2014-07-19 Thread Eric Friedman
Can position be null?  Looks like there may be constraints with predicate push 
down in that case. https://github.com/apache/spark/pull/511/

 On Jul 18, 2014, at 8:04 PM, Christos Kozanitis kozani...@berkeley.edu 
 wrote:
 
 Hello
 
 What is the order with which SparkSQL deserializes parquet fields? Is it 
 possible to modify it?
 
 I am using SparkSQL to query a parquet file that consists of a lot of fields 
 (around 30 or so). Let me call an example table MyTable and let's suppose the 
 name of one of its fields is position.
 
 The query that I am executing is: 
 sql(select * from MyTable where position = 243189160)
 
 The query plan that I get from this query is:
 Filter (position#6L:6 = 243189160)
  ParquetTableScan 
 [contig.contigName#0,contig.contigLength#1L,contig.contigMD5#2,contig.referenceURL#3,contig.assembly#4,contig.species#5,position#6L,rangeOffset#7,rangeLength#8,referenceBase#9,readBase#10,sangerQuality#11,mapQuality#12,numSoftClipped#13,numReverseStrand#14,countAtPosition#15,readName#16,readStart#17L,readEnd#18L,recordGroupSequencingCenter#19,recordGroupDescription#20,recordGroupRunDateEpoch#21L,recordGroupFlowOrder#22,recordGroupKeySequence#23,recordGroupLibrary#24,recordGroupPredictedMedianInsertSize#25,recordGroupPlatform#26,recordGroupPlatformUnit#27,recordGroupSample#28],
  (ParquetRelation 
 hdfs://ec2-54-89-87-167.compute-1.amazonaws.com:9000/genomes/hg00096.plup), 
 None
 
 I expect 14 entries in the output but the execution of 
 .collect.foreach(println) takes forever to run on my cluster (more than an 
 hour). 
 
 Is it safe to assume in my example that SparkSQL deserializes all fields 
 first before applying the filter? If so, can a user change this behavior?
 
 To support my assumption I replaced * with position, so my new query is 
 of the form sql(select position from MyTable where position = 243189160) 
 and this query runs much faster on the same hardware (2-3 minutes vs 65 min).
 
 Any ideas?
 
 thanks
 Christos


Re: SparkSQL operator priority

2014-07-19 Thread Christos Kozanitis
Thanks Eric. That is the case as most of my fields are optional. So it
seems that the problem comes from Parquet.
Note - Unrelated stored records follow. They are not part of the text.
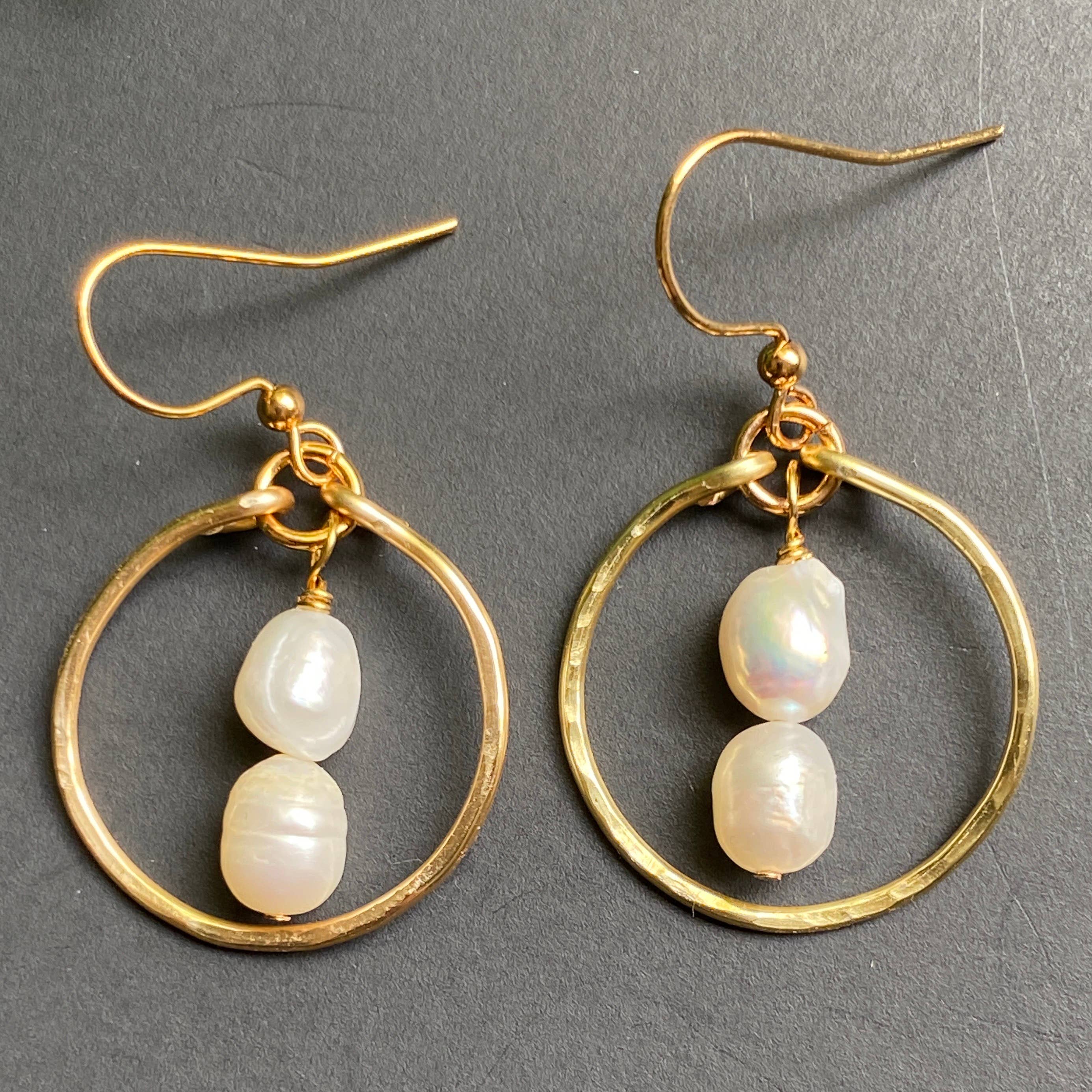 These simple freshwater pearl earrings are a staple for every day and perfect for an elegant outfit. They are AAA grade, cream with a beautiful luster. They are 1.5" long with handmade, tarnish resistant ear wires. Also available in silver.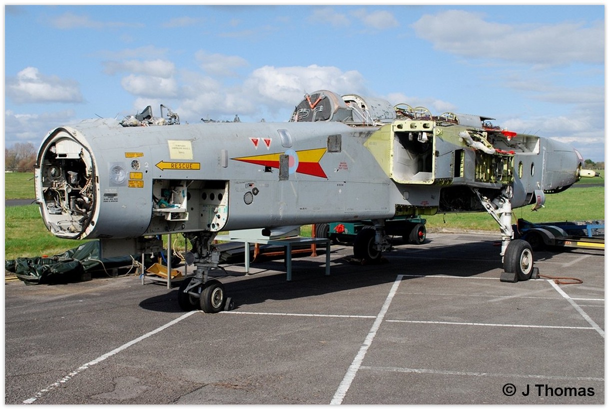 | Forward fuselage, Red Arrows colours. Mated with old rear fuselage from XX339 (black scheme) |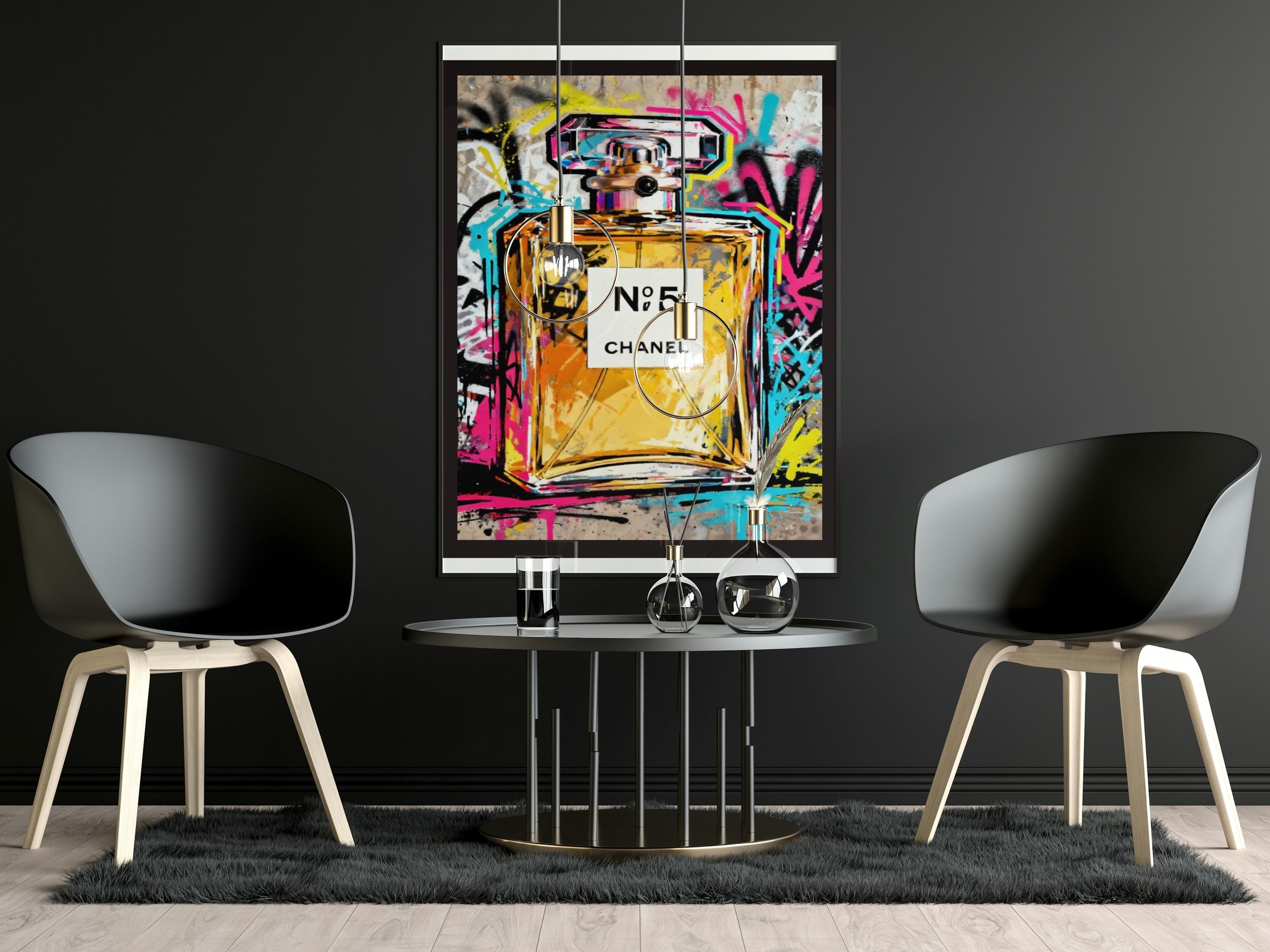 A bold perfume graffiti art print inspired by iconic fashion and fragrance culture. This striking pop art artwork combines street art energy, vibrant colour splashes, and modern graphic style to create a powerful statement piece for contemporary interiors.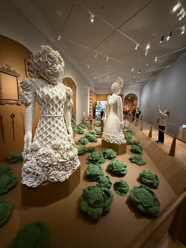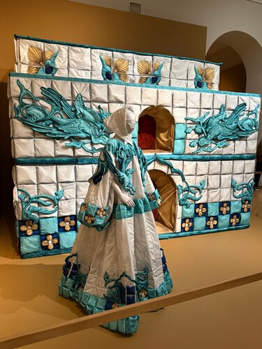 Была на выставке «Сны Алёны», которая проходит на первом этаже музея. Это выставка-тотальная инсталляция, которая представит Алёну Ахмадуллину не только как легендарного российского кутюрье, но и как художника, искусство которого выходит далеко за пределы пространства моды. Я обожаю творчество Алены, много лет она является одним из моих любимых дизайнеров, с удовольствием побывала на выставке. Да, она не большая, но очень харАктерная, и так ярко прослеживается «русский дух», как в нарядах, так и во всем оформлении. Получила огромное удовольствие.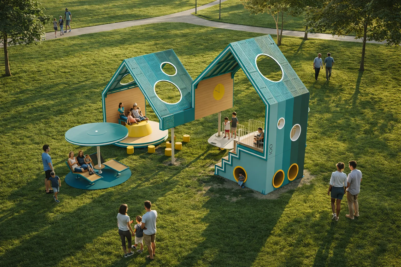 El proyecto fue desarrollado junto a Cruci y cuenta con el acompañamiento de la Municipalidad de Rosario. La propuesta incorpora una instalación de juegos de diseño contemporáneo pensada para estimular el juego, el encuentro y la convivencia en uno de los polos urbanos más activos de Rosario.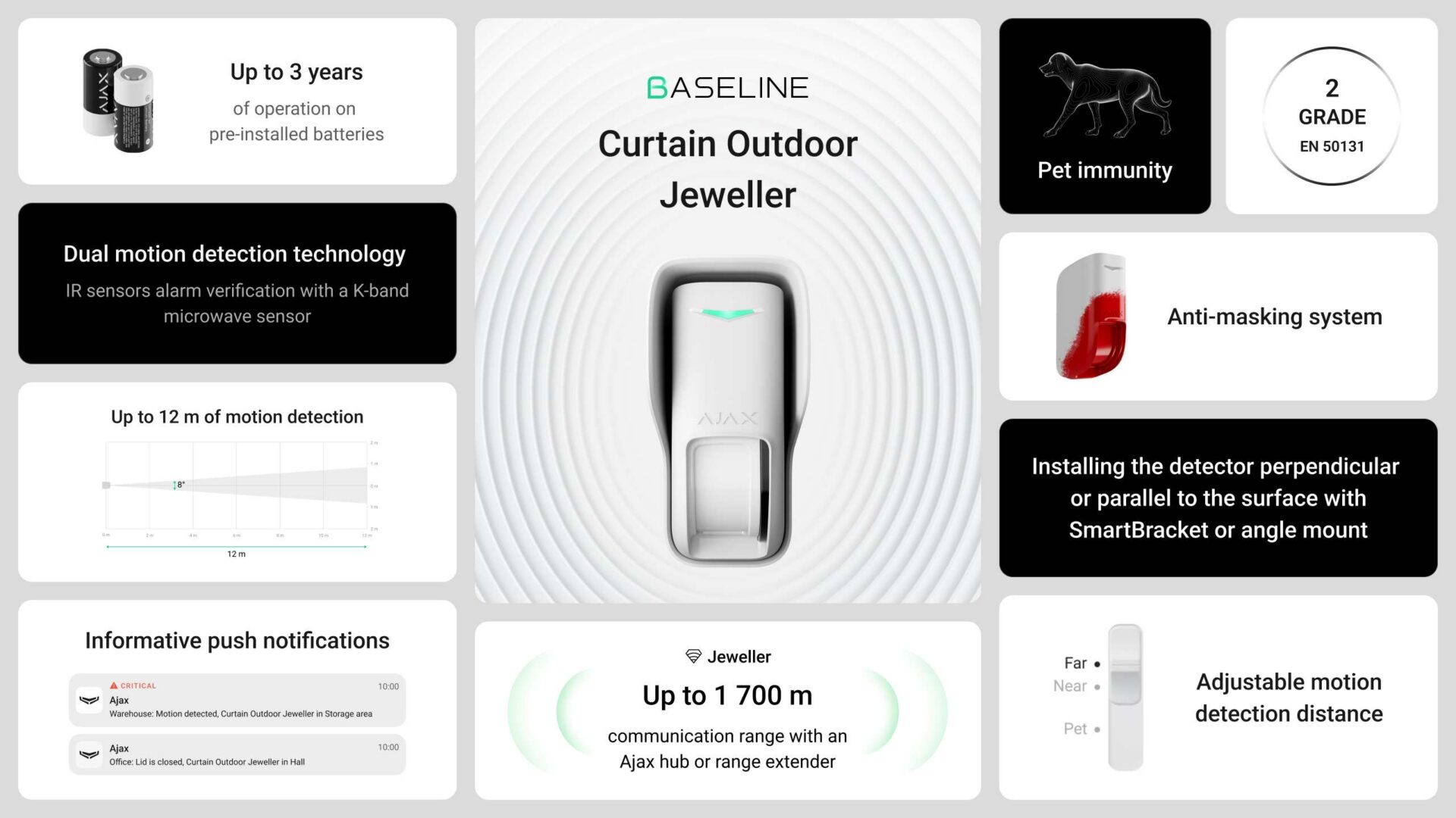 Takket være justerbar rekkevidde, følsomhet og to intuitive driftsmoduser, tilpasses Curtain Outdoor Jeweller enkelt enhver installasjon. De forhåndsmonterte batteriene gir opptil 3 års driftstid, slik at du får en driftssikker løsning uten behov for hyppig vedlikehold.

On Sat, Jul 19, 2014 at 8:27 AM, Eric Friedman eric.d.fried...@gmail.com
wrote:

 Can position be null?  Looks like there may be constraints with predicate
 push down in that case. https://github.com/apache/spark/pull/511/

 On Jul 18, 2014, at 8:04 PM, Christos Kozanitis kozani...@berkeley.edu
 wrote:

 Hello

 What is the order with which SparkSQL deserializes parquet fields? Is it
 possible to modify it?

 I am using SparkSQL to query a parquet file that consists of a lot of
 fields (around 30 or so). Let me call an example table MyTable and let's
 suppose the name of one of its fields is position.

 The query that I am executing is:
 sql(select * from MyTable where position = 243189160)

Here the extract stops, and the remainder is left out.